Records to use: Begin

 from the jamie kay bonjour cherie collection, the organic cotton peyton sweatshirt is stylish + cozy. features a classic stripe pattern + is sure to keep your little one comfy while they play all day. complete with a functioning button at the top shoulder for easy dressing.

Records to use: End
Records to use: Begin

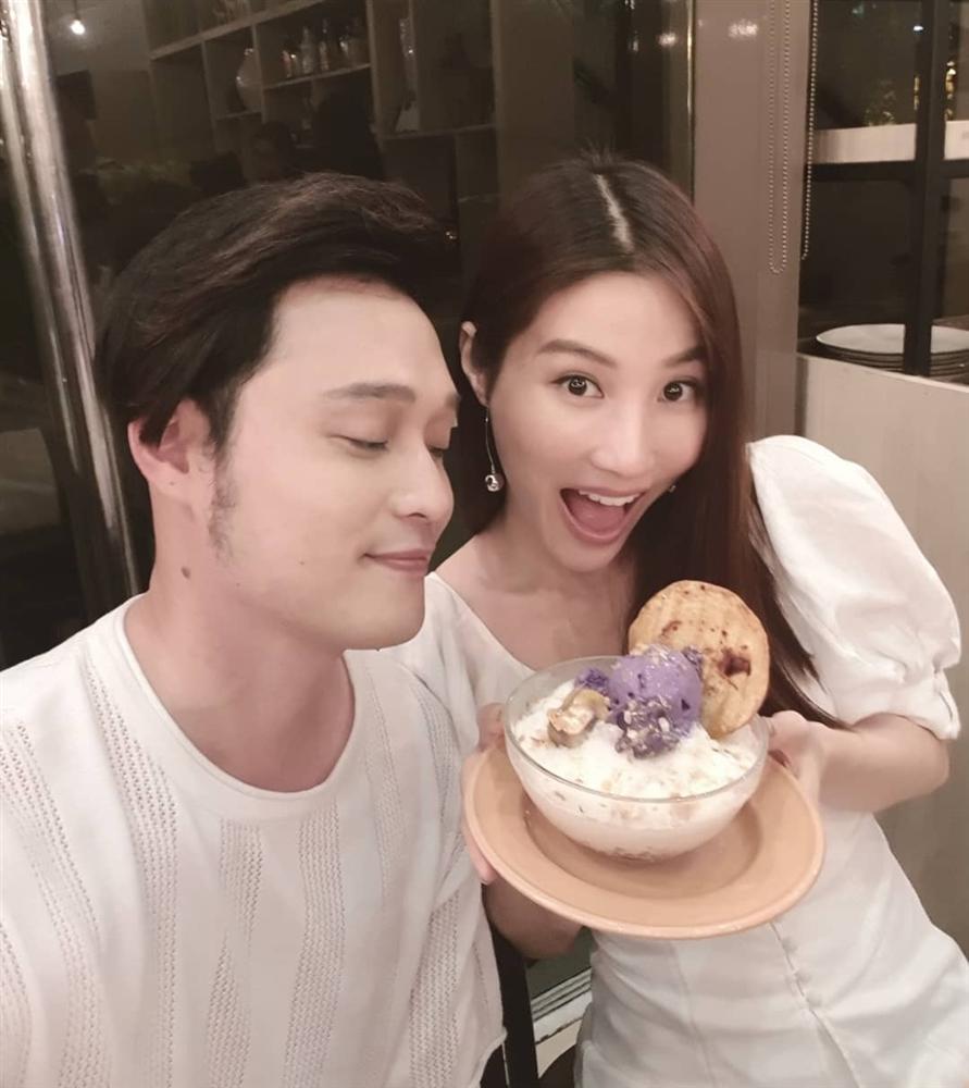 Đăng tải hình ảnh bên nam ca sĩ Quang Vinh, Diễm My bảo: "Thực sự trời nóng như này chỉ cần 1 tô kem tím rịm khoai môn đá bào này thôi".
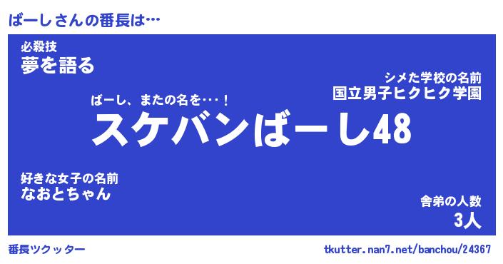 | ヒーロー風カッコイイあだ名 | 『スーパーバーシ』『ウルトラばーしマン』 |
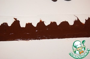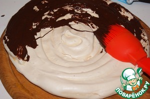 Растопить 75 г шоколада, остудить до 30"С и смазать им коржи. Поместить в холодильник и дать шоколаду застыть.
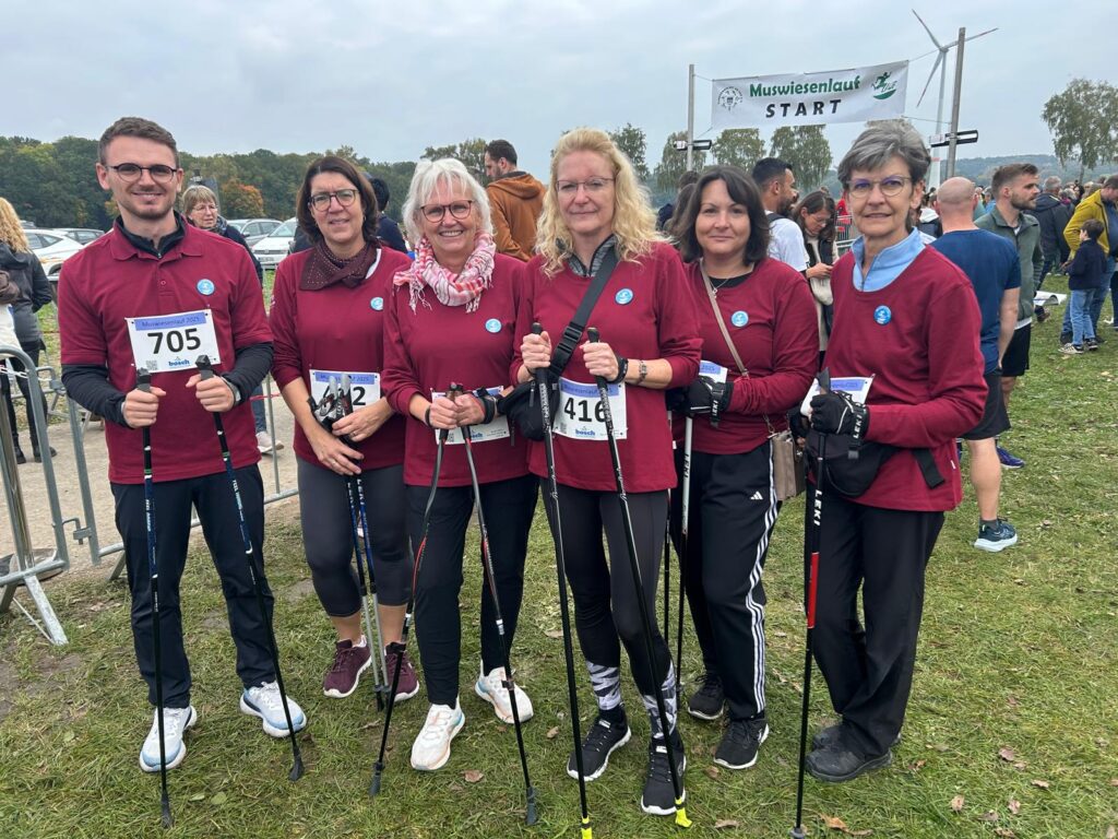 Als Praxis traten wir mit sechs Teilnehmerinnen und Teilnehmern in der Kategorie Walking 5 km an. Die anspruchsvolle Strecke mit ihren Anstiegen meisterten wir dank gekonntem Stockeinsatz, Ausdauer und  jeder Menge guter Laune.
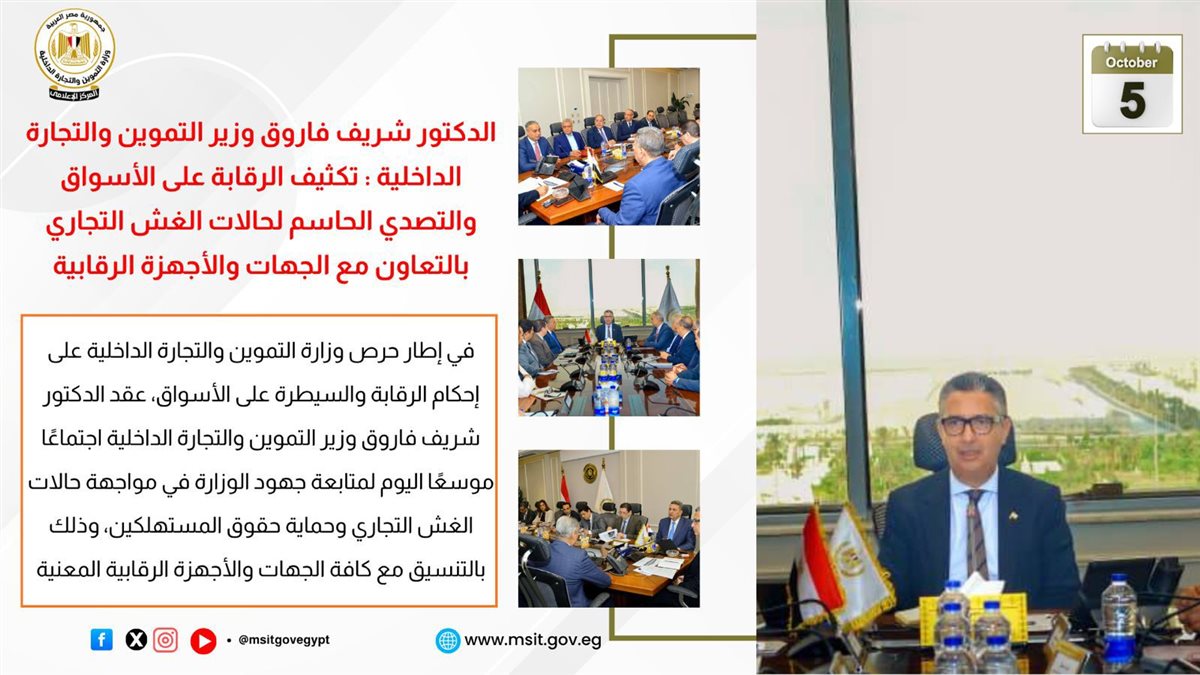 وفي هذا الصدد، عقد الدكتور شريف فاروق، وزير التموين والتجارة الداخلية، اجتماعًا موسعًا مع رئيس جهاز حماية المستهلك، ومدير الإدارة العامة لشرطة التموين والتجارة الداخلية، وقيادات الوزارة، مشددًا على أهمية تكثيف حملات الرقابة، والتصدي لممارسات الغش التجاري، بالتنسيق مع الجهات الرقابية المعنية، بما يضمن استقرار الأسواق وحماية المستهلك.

Records to use: End
Records to use: Begin

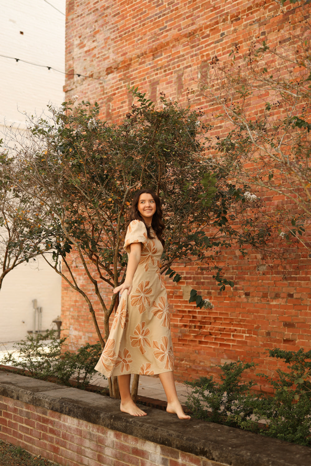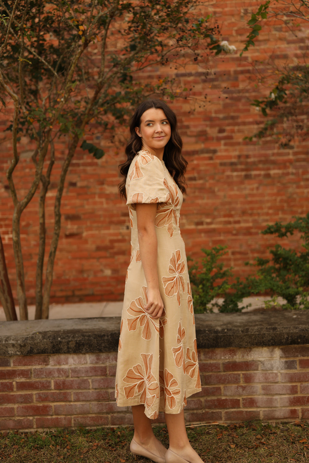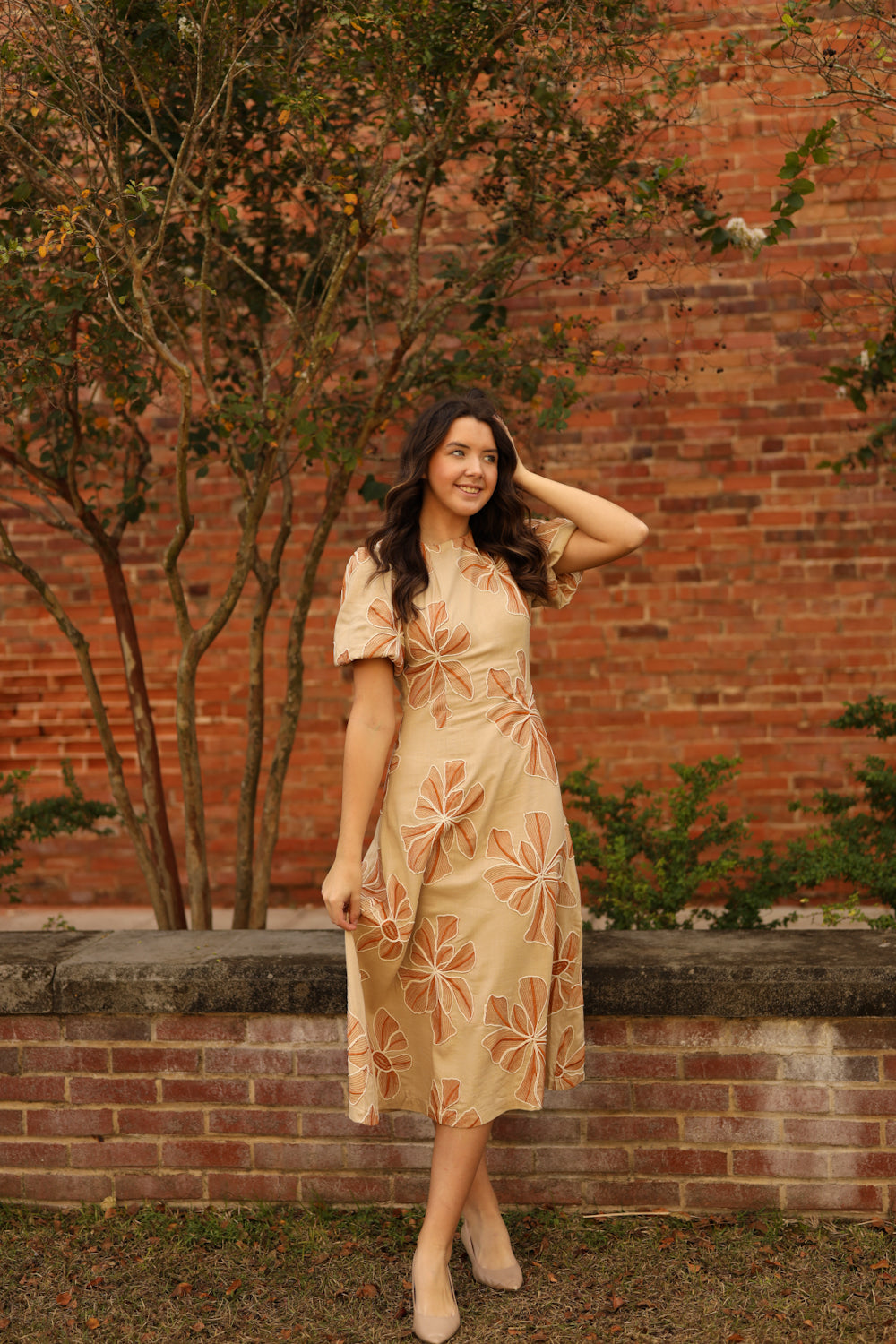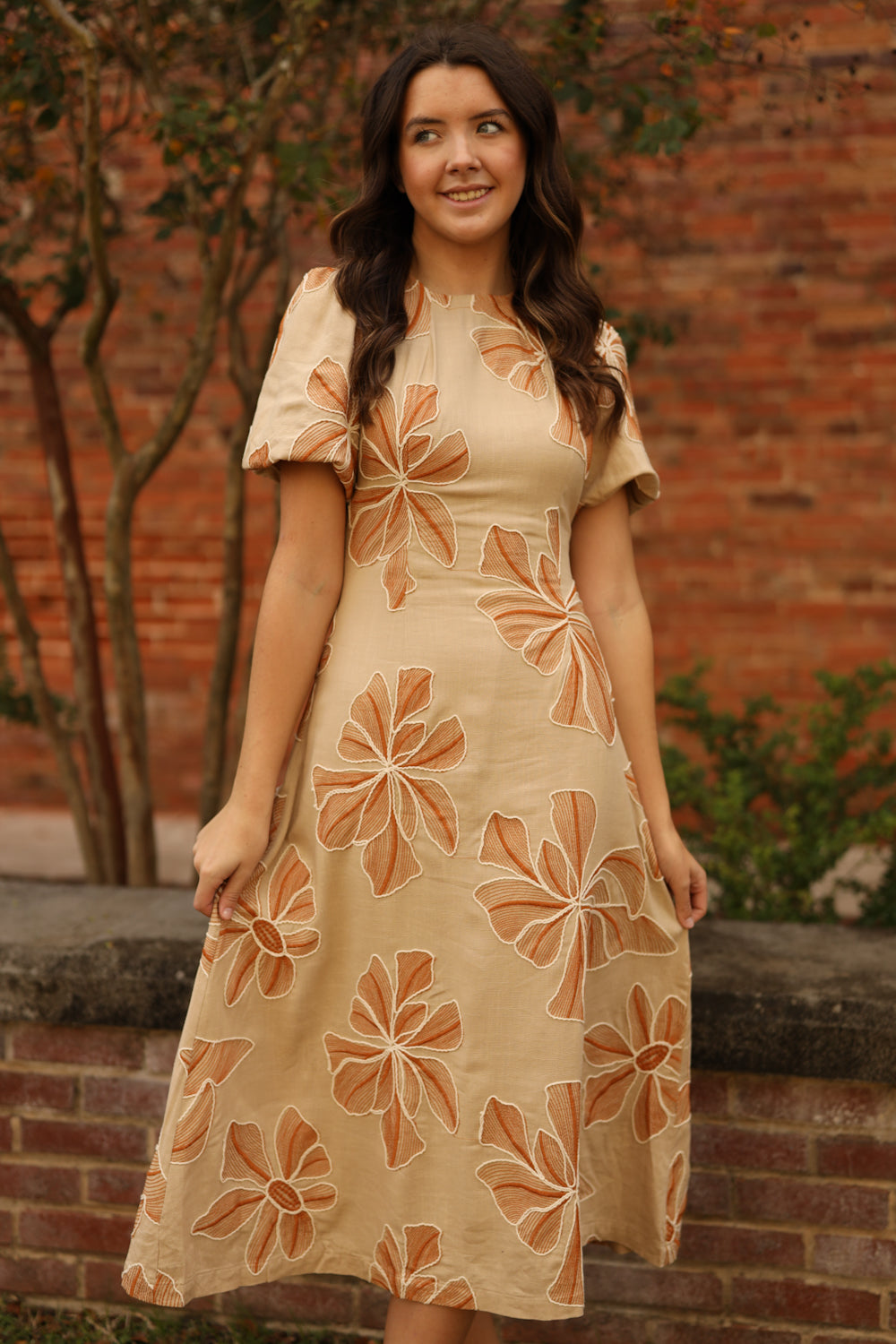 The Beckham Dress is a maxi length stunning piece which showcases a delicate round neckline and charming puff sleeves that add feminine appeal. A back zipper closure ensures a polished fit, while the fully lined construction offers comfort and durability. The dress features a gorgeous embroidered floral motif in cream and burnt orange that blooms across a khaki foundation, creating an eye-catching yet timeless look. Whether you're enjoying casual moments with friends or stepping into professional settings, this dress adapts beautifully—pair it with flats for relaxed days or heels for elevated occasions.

Records to use: End

=== Task ===
Copy exactly, without pictures, the lines above from the one with "Растопить 75 г" down to the one with "وفي هذا الصدد،", inclusive.

=== Exercise answer ===
 Растопить 75 г шоколада, остудить до 30"С и смазать им коржи. Поместить в холодильник и дать шоколаду застыть.
 Als Praxis traten wir mit sechs Teilnehmerinnen und Teilnehmern in der Kategorie Walking 5 km an. Die anspruchsvolle Strecke mit ihren Anstiegen meisterten wir dank gekonntem Stockeinsatz, Ausdauer und  jeder Menge guter Laune.
 وفي هذا الصدد، عقد الدكتور شريف فاروق، وزير التموين والتجارة الداخلية، اجتماعًا موسعًا مع رئيس جهاز حماية المستهلك، ومدير الإدارة العامة لشرطة التموين والتجارة الداخلية، وقيادات الوزارة، مشددًا على أهمية تكثيف حملات الرقابة، والتصدي لممارسات الغش التجاري، بالتنسيق مع الجهات الرقابية المعنية، بما يضمن استقرار الأسواق وحماية المستهلك.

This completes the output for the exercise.